Ebû Eyyûb’un Medîne’de iki katlı bir evi vardı.
Resûlullah sallallahu aleyhi ve sellem, hicret edince alt katta ikâmet etmeye başladı. Ebû Eyyûb ve hanımı bu durumdan rahatsız oldular. Habîbullâh ve Fahr-i Kâinât alt katta otursun, biz de üst katta oturalım! diyerek hiç uyumadan sabahladılar.
Sabah olunca: “Yâ Resûlallah! Yukarı kata teşrif buyurun. Sabaha kadar yüce zâtınıza tâzim ve saygıdan dolayı uyuyamadık.” dediler.

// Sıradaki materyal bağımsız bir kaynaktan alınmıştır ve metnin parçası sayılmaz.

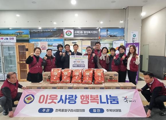 [한국뉴스타임=편집국] 구리시 수택3동행정복지센터는 지난 29일 민족통일구리시협의회로부터 설맞이 후원물품을 전달받았다.
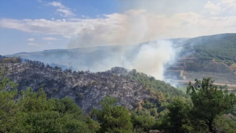 Tokat'ın Erbaa ilçesinde dün ormanlık alanda çıkan ve ekiplerin yoğun çabalarıyla söndürülen yangın alanı dronla görüntülendi.Karanlık Dere mevkisinde henüz belirlenemeyen...
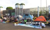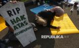Sejumlah orang mengikuti aksi damai memperingati Hari Bumi di depan Kompleks Parlemen, Jakarta, Jumat (24/4/2026). Aksi tersebut digelar dalam rangka memperingati Hari Bumi yang tahun ini memasuki peringatan ke-56. Kondisi bumi dinilai semakin memprihatinkan dan berada di ambang krisis bagi kehidupan makhluk hidup. Ancaman kenaikan suhu bumi sebesar 1,5 derajat Celsius pun dinilai belum mampu diatasi secara signifikan. (FOTO : Republika/Prayogi)
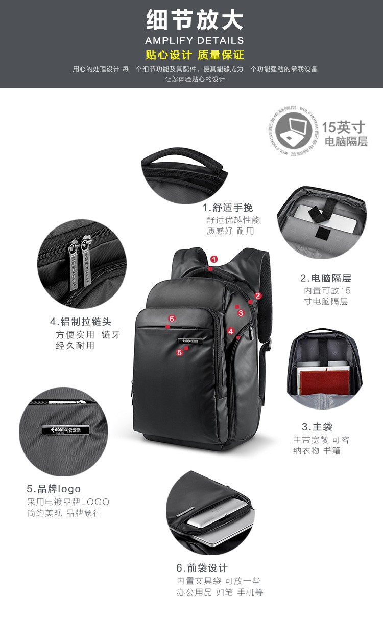 爱登堡(Edenbo)商务休闲双肩包F1722黑色
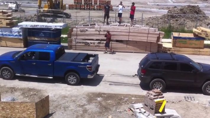 Zwykle przeciąga się linę ręcznie lub traktorami, ale tu trzeba było wyjaśnić, czy silniejszy jest Jeep Grand Cherokee na terenowych oponach czy potężny Ford F-150 na standardowym ogumieniu.
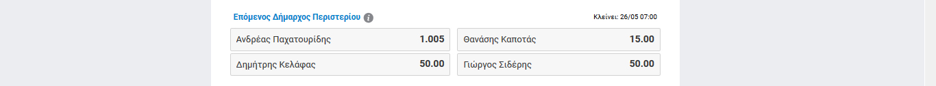 Μάλιστα μια από τις μεγαλύτερες εταιρείες στοιχήματος στην Ελλάδα έχει βγάλει αποδόσεις για τον επόμενο Δήμαρχο της πόλης μας έχοντας μάλλον ένα λάθος στις επιλογές της αφού αναφέρει στους υποψήφιους και τον Δημήτρη Κελάφα που δεν έχει δηλώσει ότι θα συμμετέχει ξανά.
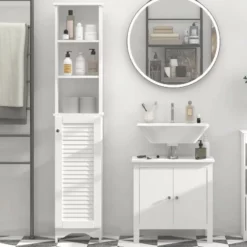 Essential VERMONT Wall Hung Column Unit 1 Door 350mm Wide – White – EF406WH
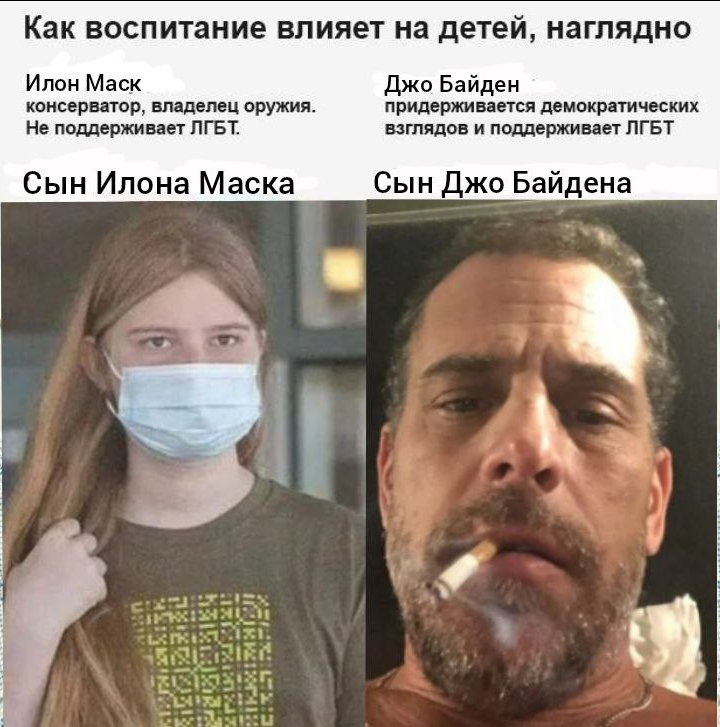 маск никогда не владел оружием как минимум до всего этого оправения в 2020ых годах. алсо маск всегда искренне поддерживал лгбт пока не начали делать операции и кормить таблетками детей. и консерватором маск никогда не был, максимум центристом. а вот какие там взгляды у байдена на самом деле - одному богу известно, тем более они вполне могли меняться на протяжении его жизни, в молодости он там говорил что если белые и чёрные дети будут учиться вместе то это будет какие-то городские джунгли, а ещё говорил что бедные дети могут учиться так же хорошо как и белые дети или что-то такое. короче байден это максимальный слизень пиздобол приспособленец, политический флюгер. напоминает одного низкорослого политика с бурятским ебалом когда он лыбу давит который уже сколько там, 25 лет у власти, в одной стране, и тоже многого противоречащего друг другу наговорил за эти 25 лет
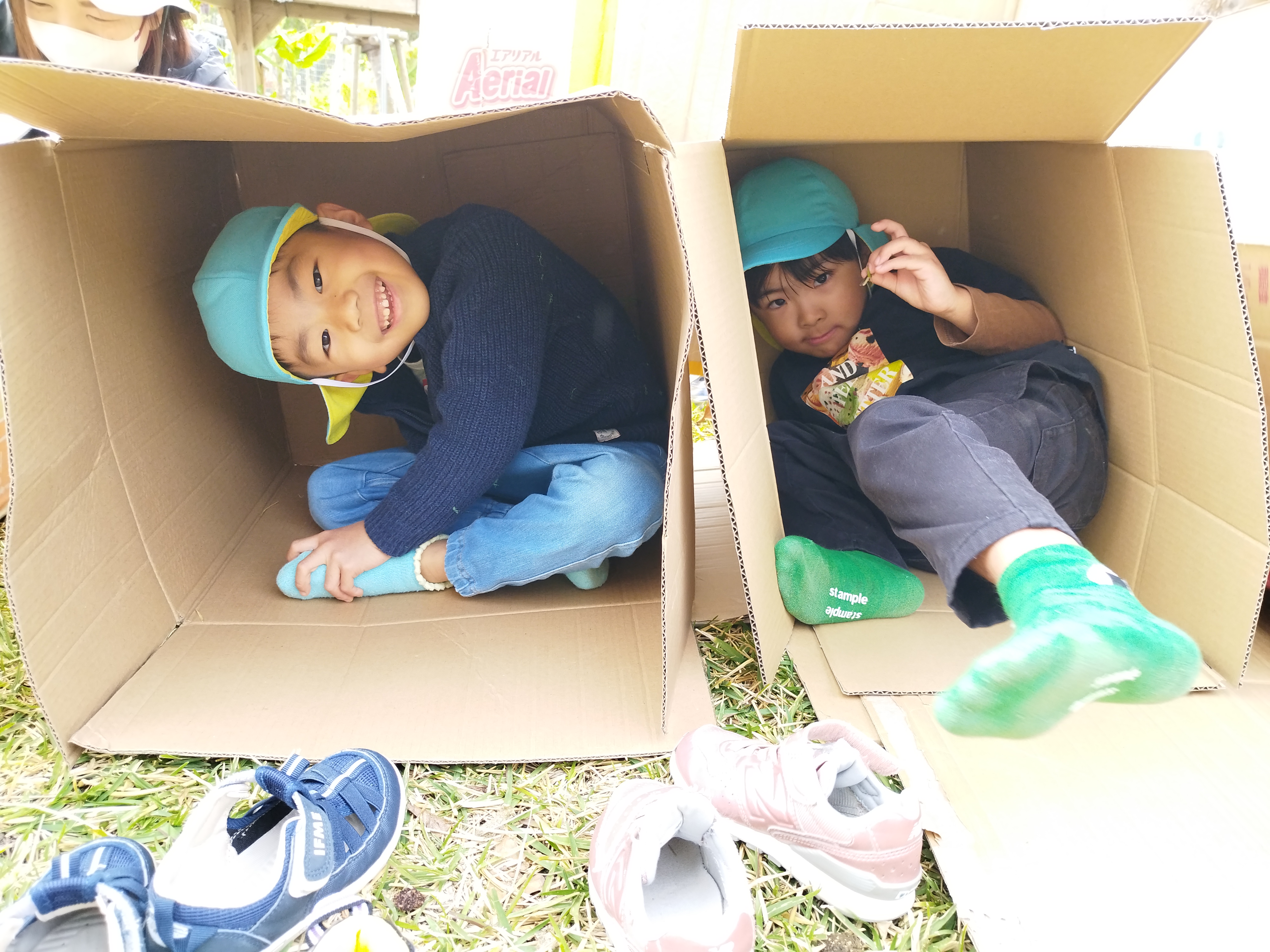 第2園庭では、ぺちゃんこにしてある段ボールを組み立ててお家を作って遊ぶことに夢中になっています。お友だちが困っていると、倒れそうな段ボールを一緒に支えてあげたり、「一緒に入ろう!」と誘ってあげたりする優しいらいおん組さんです。
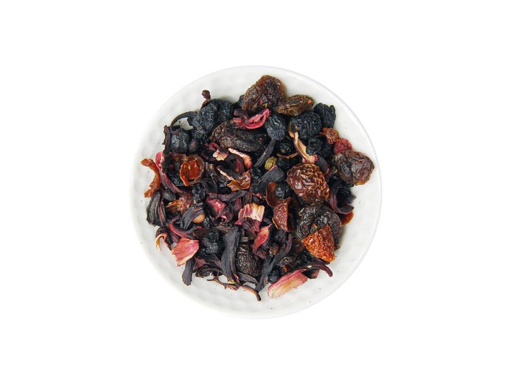 Zloženie: ibištek, hrozienka, plod bazy čiernej, čierna jarabina, malina, jahoda, šípky, aróma

Peygamberimiz: “Beni ziyârete gelenler çok olur!” dedi ve üst kata çıkmadı.
Resûlullah şöyle duâ buyurdu: “Yâ Hâlid! Yüce Hak seni dünyâ ve âhirette muazzez, mükerrem ve muhterem eylesin.”
Bu duâ hürmetine Hz. Hâlid bin Zeyd’e gösterilen saygı hiçbir Sahâbe’ye gösterilmedi. Peygamberimiz sallallâhu aleyhi ve sellem, Ebû Eyyûb’un (Hâlid bin Zeyd’in) evinde yedi ay misâfir kaldı.

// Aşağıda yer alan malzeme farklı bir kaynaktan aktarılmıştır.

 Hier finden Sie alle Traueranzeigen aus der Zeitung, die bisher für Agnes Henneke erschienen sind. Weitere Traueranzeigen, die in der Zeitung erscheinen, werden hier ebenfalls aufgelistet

Mihmandâr-ı Nebevî (Peygamber sallallâhu aleyhi ve sellemi evine misâfir eden) Ebû Eyyûb anlatıyor: Sevgili Nebîmiz aleyhissalâtü vesselâm hânemde kalırken, peygamberimiz ve Hz.Ebû Bekir’e yetecek kadar iki kişilik yemek hazırladım.
Peygamberimiz: “Ensâr’ın ileri gelenlerinden otuz kişi çağır, diye bana fermân etti.
Otuz adam geldiler ve yediler. Sonra, “Altmış kişi daha çağır.” diye emretti.
Altmış kişi daha dâvet ettim. Onlar da gelip yediler ve doydular.
Sonra, “Yetmiş kişi daha çağır.” buyurdu.
Yetmiş kişi daha çağırdım. Onlar da gelip yediler ve doydular.
Bu şekilde toplam yüz seksen kişi çağırdım ve hepsi gelip tok oluncaya kadar yediler. İki kişilik taâm yüz seksen kişiye kâfi geldi. Hattâ kaplarda da yemekler arttı.
Bu mu’cize karşısında gelenlerin tamâmı İslâmiyete girip bîat ettiler.
Îman, İslâm, ihlâs, istikâmet üzere kalınız.